[Saved data entries]
* * * * * * *
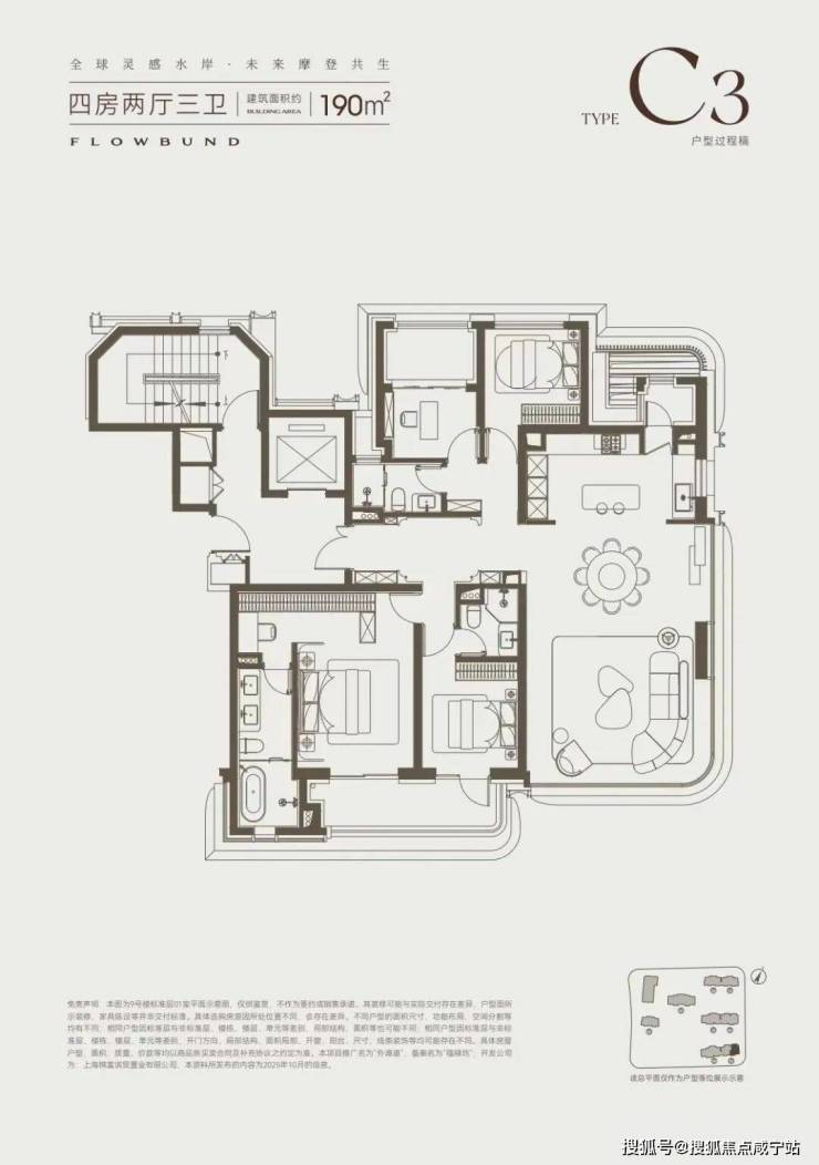 190㎡户型分布在3幢的东西边套,两个边套的户型也是不同的。
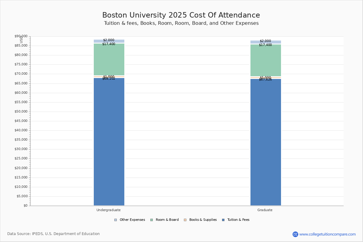 Boston University Tuition & Fees, Net Price , For graduate programs, its 2024 graduate school tuition & fees is $64,712.
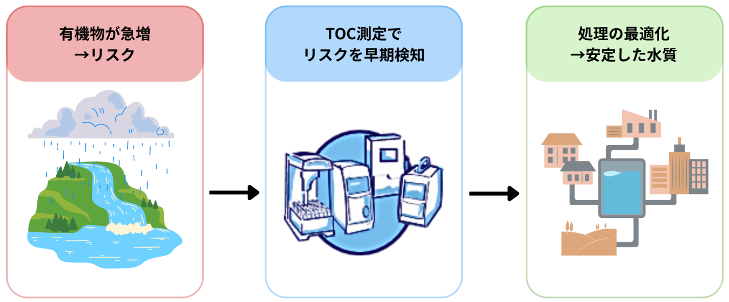 有機物が増えると、消毒副生成物の発生や処理効率の低下など、さまざまなリスクが高まります。TOC測定を行うことで、こうしたリスクを早期に察知し、浄水処理の最適化や水質の安定化につなげることができます。
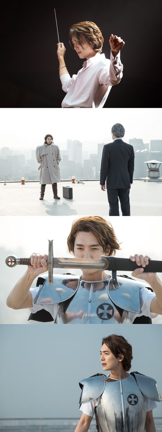 첫 방송을 앞두고 공개된 사진에는 영혼 사수를 위한 하립의 ‘웃픈’ 고군분투가 담겨 궁금증을 높인다. 먼저 무대 위에서 지휘를 하는 스타 작곡가 하립의 우아한 매력이 시선을 사로잡는다. 예민함마저도 설렘을 유발하는 하립의 비주얼이 보는 이들의 마음을 흔든다. 하지만 이어진 사진 속 하립의 반전 매력은 폭소를 자아낸다. 한껏 솟은 어깨로 의문의 남자와 대치하고 있는 하립. 트렌치코트를 벗자 ‘파워숄더’의 비밀이 드러난다. 하립이 악마 퇴치를 위해 공수한 중세 갑옷을 입고 있었던 것. 사뭇 진지한 표정으로 검을 들어 올린 그의 절박함이 왠지 모르게 웃음을 유발한다. 과연 하립이 옥상에서 마주한 인물은 누구이고, 무사히 자신의 영혼을 사수할 수 있을지 호기심을 자극한다.
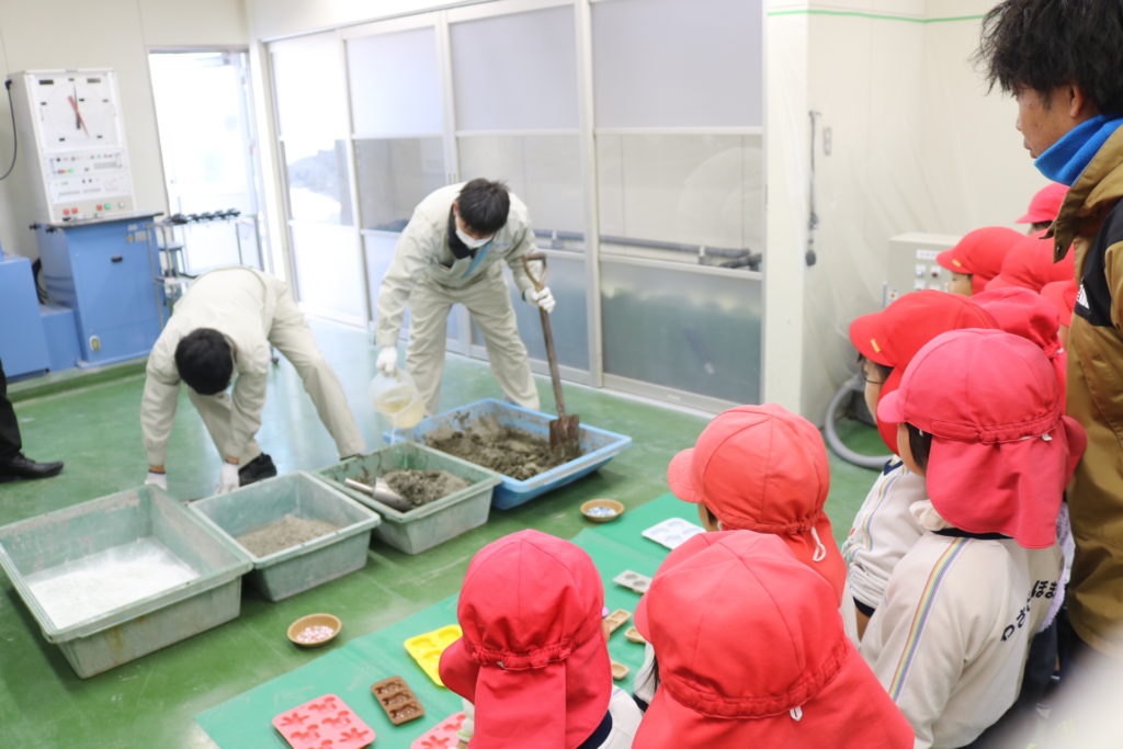 粉からコンクリートの液体になるまでの工程を見せて頂き、食い入るように眺め興味津々な様子の子どもたちでした。
* * * * * * *
- **Exercise goal**
Print each record exactly as it stands, skipping the pictures.

- **Result of the exercise**
 190㎡户型分布在3幢的东西边套,两个边套的户型也是不同的。
 Boston University Tuition & Fees, Net Price , For graduate programs, its 2024 graduate school tuition & fees is $64,712.
 有機物が増えると、消毒副生成物の発生や処理効率の低下など、さまざまなリスクが高まります。TOC測定を行うことで、こうしたリスクを早期に察知し、浄水処理の最適化や水質の安定化につなげることができます。
 첫 방송을 앞두고 공개된 사진에는 영혼 사수를 위한 하립의 ‘웃픈’ 고군분투가 담겨 궁금증을 높인다. 먼저 무대 위에서 지휘를 하는 스타 작곡가 하립의 우아한 매력이 시선을 사로잡는다. 예민함마저도 설렘을 유발하는 하립의 비주얼이 보는 이들의 마음을 흔든다. 하지만 이어진 사진 속 하립의 반전 매력은 폭소를 자아낸다. 한껏 솟은 어깨로 의문의 남자와 대치하고 있는 하립. 트렌치코트를 벗자 ‘파워숄더’의 비밀이 드러난다. 하립이 악마 퇴치를 위해 공수한 중세 갑옷을 입고 있었던 것. 사뭇 진지한 표정으로 검을 들어 올린 그의 절박함이 왠지 모르게 웃음을 유발한다. 과연 하립이 옥상에서 마주한 인물은 누구이고, 무사히 자신의 영혼을 사수할 수 있을지 호기심을 자극한다.
 粉からコンクリートの液体になるまでの工程を見せて頂き、食い入るように眺め興味津々な様子の子どもたちでした。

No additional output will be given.